Asian population surged 43% in the US over last decade

Malaysian Post : NEW YORK: The size of the population of Asian descent in the United States has surged 43% in the last decade, according to the latest census data released by the US government.
In absolute terms, the Asian population increased from 10.2 million in 2000 to about 14.7 million in 2010, census officials said.
Asians now account for about 5% of the nation’s total population.

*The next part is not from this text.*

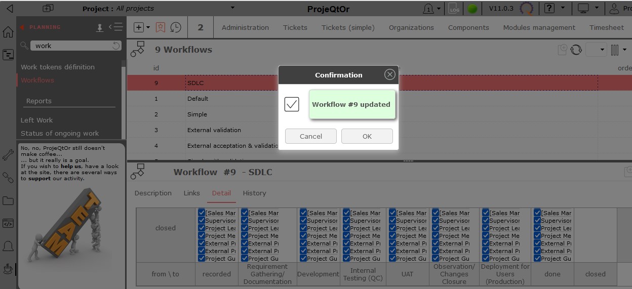Today, I encountered an unusual issue while updating the workflow for the recorded process stages: Requirement Gathering/Documentation, Development, Internal Testing (QC), UAT, Observation/Changes Closure, and Deployment for Users (Production). Initially, the addition of steps was saved without any problem. However, when I included "Done" and "Close" in the workflow and saved it, I observed that it created a loop in the process (please see the attached image for details).

Nicholas A Jones, chief of the racial statistics branch of the US Census Bureau, explained the growing size of the Asian population by saying that on an overall basis, the nation’s population had become “more racially and ethnically diverse over the past 10 years”.
Though the term “Asian” has a very broad connotation and can include anyone from Japan through China and Southeast Asia to the huge Indian subcontinent, the general consensus among experts here is that people of Indian and Chinese origin will gradually overtake the rest of Asians.
Another indicator of the growing size of people of Indian and Chinese origin is reflected in the fact that these two Asian groups, along with Filipinos, are among the highest recipients of US visas worldwide. Filipinos, thanks to their historic links as a former US enclave, were once among the
largest-waiting Asian group to get visas.
Their numbers are, however, expected to stagnate over the years, as Indians and Chinese overtake them in the coming years.
During the 2000 US Census, Asians comprised 3.6% of the total American population or, approximately, 10.2 million. The Census Bureau projects that the Asian population will grow to 37.6 million by the year 2050, comprising 9.3% of the population.
Asians are, generally, concentrated in the western states, the Northeast, and parts of the South. The states with the largest concentration of Asians are Hawaii, California, Washington, New Jersey and New York.
Evolutionary change


One of the most conspicuous results of this demographic shift is that major metropolitan cities such as New York, Washington and 44 of America’s 366 metro areas are no longer white or, to use the appropriate term, Caucasian dominated.
There has been an evolutionary change in these cities which have transformed themselves from majority white to majority populations of minorities during the last decade, according to the latest census data.
Experts attribute the demographic shift to a number of factors, including the relatively slow growth of the white population, the voluntary relocation of white population away from the metropolitan areas, and huge increase in minority populations, particularly Hispanic and Asians.
Although the Hispanic group will continue to be the second largest population group, its size will increasingly be challenged, in terms of growth rate if not in absolute figures, by Asians whose numbers are expected to swell as trade, business and cultural and personal ties between the US and the Asian continent grow, and the influx of skilled labour, mainly from China and India, continues.
However, arrivals from other Asian countries such as Japan, South Korea, Vietnam and Indonesia are also expected to grow.